"Little boxes on the hillside, Little boxes made of ticky-tacky, Little boxes, little boxes, Little boxes, all the same...." This childhood song by Malvina Reynolds reminded me of one of the great ironies of life. When we choose a property for ourselves - as far as we're able to - we don't pick the standardised, blue-printed 'little box' that's all the same as everyone else's. We choose something that we love. That has potential. That suits all of our needs - both now and in the future.
The third bedroom? That's for when we want to add to our family. The large back garden? That's so we've got space for a pool.
Yet, when the bank that granted us the bond tells us that in order to have this investment we need life insurance, we are given very little choice. Indeed we're asked to pick a number - say R1-million of cover or R5-million of cover. But what are we buying and how will this cover change when my needs change?
Schalk Malan, executive director: Actuarial at BrightRock says, "When you purchase your property you know you'll be paying it off for the next 20 years or so, but, if you're able to pay it off sooner, why should you continue to pay for cover on that risk?
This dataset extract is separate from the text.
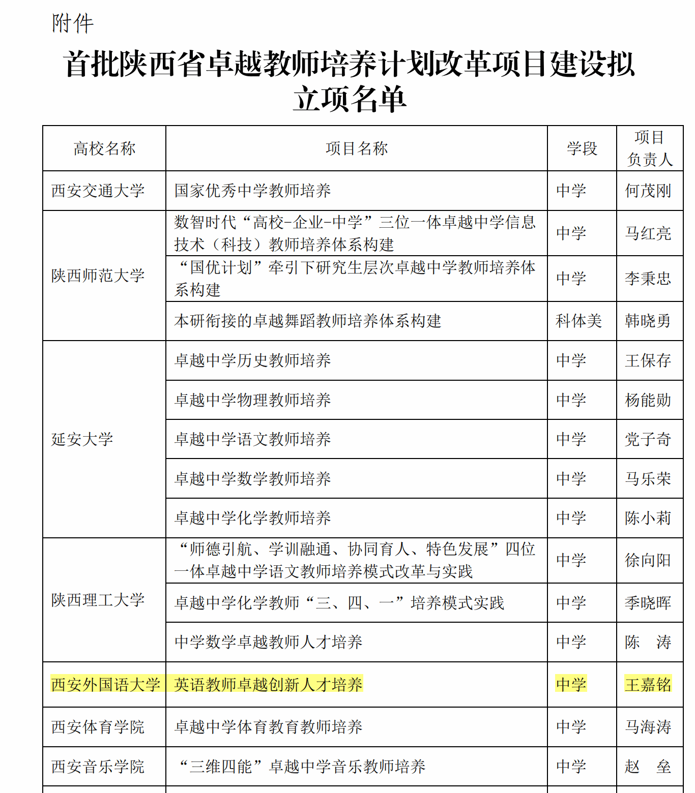 英语(师范)专业成功获批陕西省卓越教师培养计划改革项目

"We believe that you should be able to tailor your cover to meet your needs and keep it for just as long you need it. When your home loan is paid off and you no longer need the cover, it can simply fall away. This means that you're not paying from your first premium, for cover that's been priced for life, like you would with other life insurance policies, when you only need it for a few years."
Fast forward a few years to when you are ready to increase your mortgage to afford those renovations. Can you also increase your cover?
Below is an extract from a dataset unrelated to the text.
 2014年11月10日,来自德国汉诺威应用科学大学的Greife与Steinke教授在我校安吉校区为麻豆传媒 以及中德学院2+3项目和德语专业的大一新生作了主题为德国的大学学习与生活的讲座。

Says Malan, "We believe it should be easy for clients to change their cover as and when their circumstances change. Through our cover buy-up facility you can increase your cover by up to 25% for each new need without having to undergo any further medical tests (with the exception of HIV)."
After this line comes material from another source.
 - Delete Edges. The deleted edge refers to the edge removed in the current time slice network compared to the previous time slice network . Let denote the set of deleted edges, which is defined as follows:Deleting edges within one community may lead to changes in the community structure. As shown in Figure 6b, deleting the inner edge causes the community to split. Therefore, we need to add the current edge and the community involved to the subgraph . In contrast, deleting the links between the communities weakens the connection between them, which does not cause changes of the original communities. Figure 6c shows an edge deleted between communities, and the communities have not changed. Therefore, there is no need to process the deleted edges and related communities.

For most of us, the instalment on our home loan is our most significant monthly expense. And, with the average cost of a home in South Africa today at around R900,000, South Africans are spending approximately R7,000 every month repaying their mortgage debt.
A life insurance product that's right for you will help to make sure your family can count on the comforts of home sweet home - in good times, and in bad - and as you change and grow with your property.